Nel 1800, in Francia, venne tradotta Aurora oder Morgenröte im Aufgang (Amsterdam 1682) di Jakob Böhme, filosofo e mistico tedesco influenzato da Paracelso e dai testi alchimistici, che aveva suscitato l’interesse prima di Spinoza e poi dei Romantici tedeschi. Per indicare l’attributo dello spirito che, secondo Böhme, si estende fuori dal corpo dell’uomo attraverso le opere da lui realizzate, il traduttore francese di Aurora, il Philosophe Inconnu (pseudonimo di Louis Claude de Saint-Martin, 1743-1803) introdusse l’aggettivo animique: così l’“animalische Geist” o l’“animalische oder Seelengeist” (cap. 15, §39) di Böhme diviene, nella traduzione francese, “l’esprit animique ou de l’âme”. Come si vede, al di là della complessità del significato, animique è qui inteso come aggettivo di relazione di anima (che ha un suo equivalente anche nel ted. seelisch), sia pure in un’accezione che chiama in causa tanto la vita biologicamente intesa, quanto il principio vitale divino che è la finalità dell’organismo.

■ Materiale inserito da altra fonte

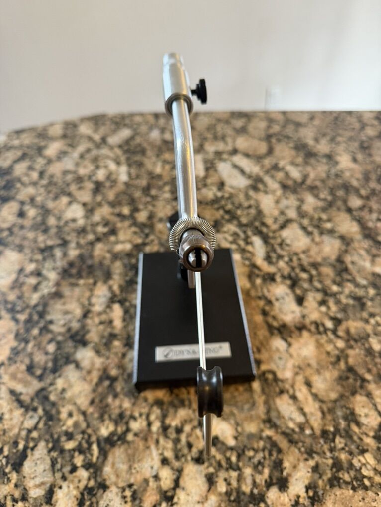 This is an awesome vise and is in great shape and will hold hooks from size 30 to 8/0. It’s easy to tie on and holds hooks without any issues!
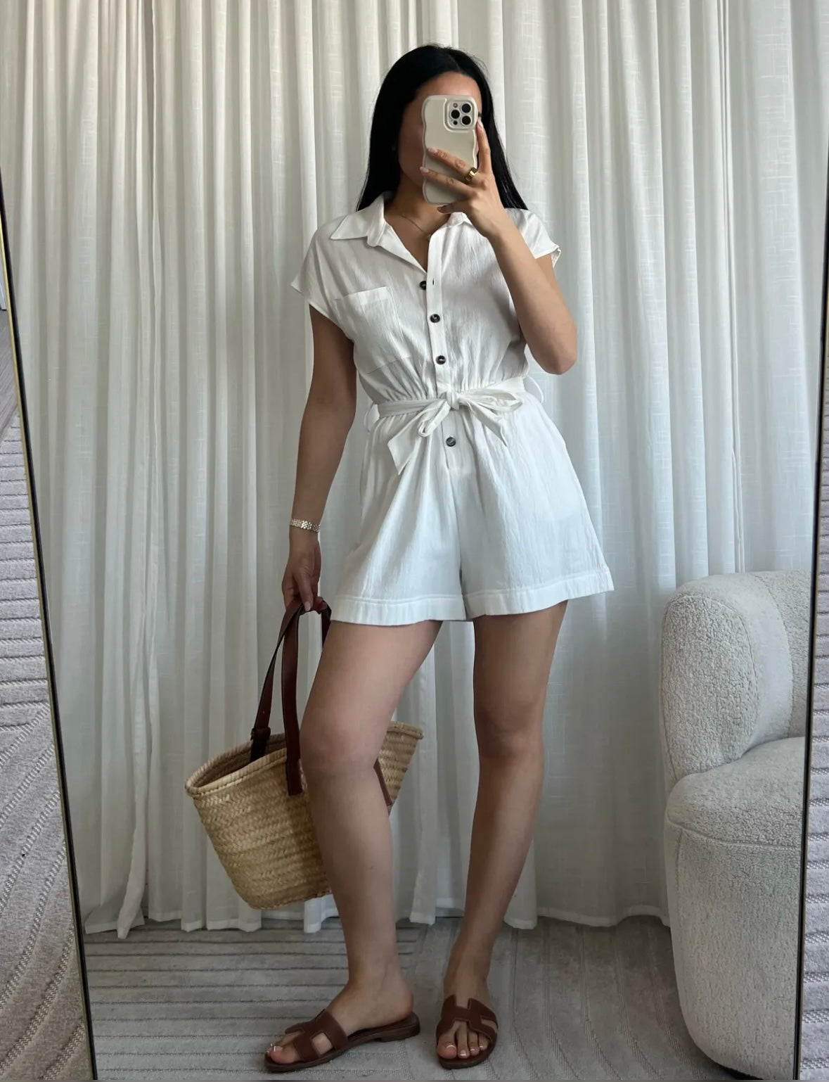 Macacão curto branco em algodão, com gola de camisa e botões frontais em contraste.

Anche gli idealisti tedeschi come F. Schelling e G.W.F. Hegel si interessarono al pensiero di Böhme e al tema della Seele ‘anima’. Per questo non sembrerà strano che una delle prime apparizioni in italiano dell’aggettivo animico compaia, nel 1860, sotto la voce Hegel, Giorgio Guglielmo Federico della Nuova Enciclopedia popolare italiana ovvero Dizionario generale di scienze, lettere, arti, storia, geografia ecc. ecc. (Torino, Unione Tipografico-editrice, 1860, V edizione, Vol. X: H-I, p. 49):

Tuttavia lo scopo dell’idea non è mai raggiunto nella natura; perché in qualunque ordine di cose il reale rimane sempre inferiore all’ideale; che anzi, tra la manifestazione e la cosa manifestata esiste una specie di opposizione che si riproduce nell’organismo animico e corporale di qualunque creatura vivente.[6]

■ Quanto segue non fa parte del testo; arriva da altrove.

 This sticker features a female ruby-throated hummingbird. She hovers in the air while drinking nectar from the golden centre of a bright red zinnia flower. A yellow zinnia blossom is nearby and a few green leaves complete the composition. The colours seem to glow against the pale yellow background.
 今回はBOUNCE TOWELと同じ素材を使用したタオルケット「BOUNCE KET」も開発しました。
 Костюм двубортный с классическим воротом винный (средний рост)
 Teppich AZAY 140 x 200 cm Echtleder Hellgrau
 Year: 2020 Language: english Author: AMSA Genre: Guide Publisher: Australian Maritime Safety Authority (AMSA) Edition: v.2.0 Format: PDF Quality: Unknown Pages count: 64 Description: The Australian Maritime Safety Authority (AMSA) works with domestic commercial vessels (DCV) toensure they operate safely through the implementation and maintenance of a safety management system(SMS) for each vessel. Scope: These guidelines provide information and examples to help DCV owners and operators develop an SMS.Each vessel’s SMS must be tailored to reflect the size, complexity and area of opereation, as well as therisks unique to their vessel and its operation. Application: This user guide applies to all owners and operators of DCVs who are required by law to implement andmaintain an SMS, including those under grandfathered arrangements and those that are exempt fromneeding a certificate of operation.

Nella sua elaborazione di una filosofia dello spirito, entro il quadro sistematico delineato nell’Enciclopedia delle scienze filosofiche in compendio (1817, 1827, 1830), Hegel fu particolarmente attento agli sviluppi delle teorie mediche che indagavano i processi inconsci e, nel passo appena citato, animico indica precisamente la dimensione dell’anima come è intesa nell’Antropologia hegeliana ossia come Seele inconscia. Poiché la Nuova Enciclopedia popolare italiana è stata compilata sulla base di opere inglesi, tedesche, francesi, appare evidente come la coniazione di animico in italiano trovi le sue ragioni, ancora una volta, in esigenze traduttive.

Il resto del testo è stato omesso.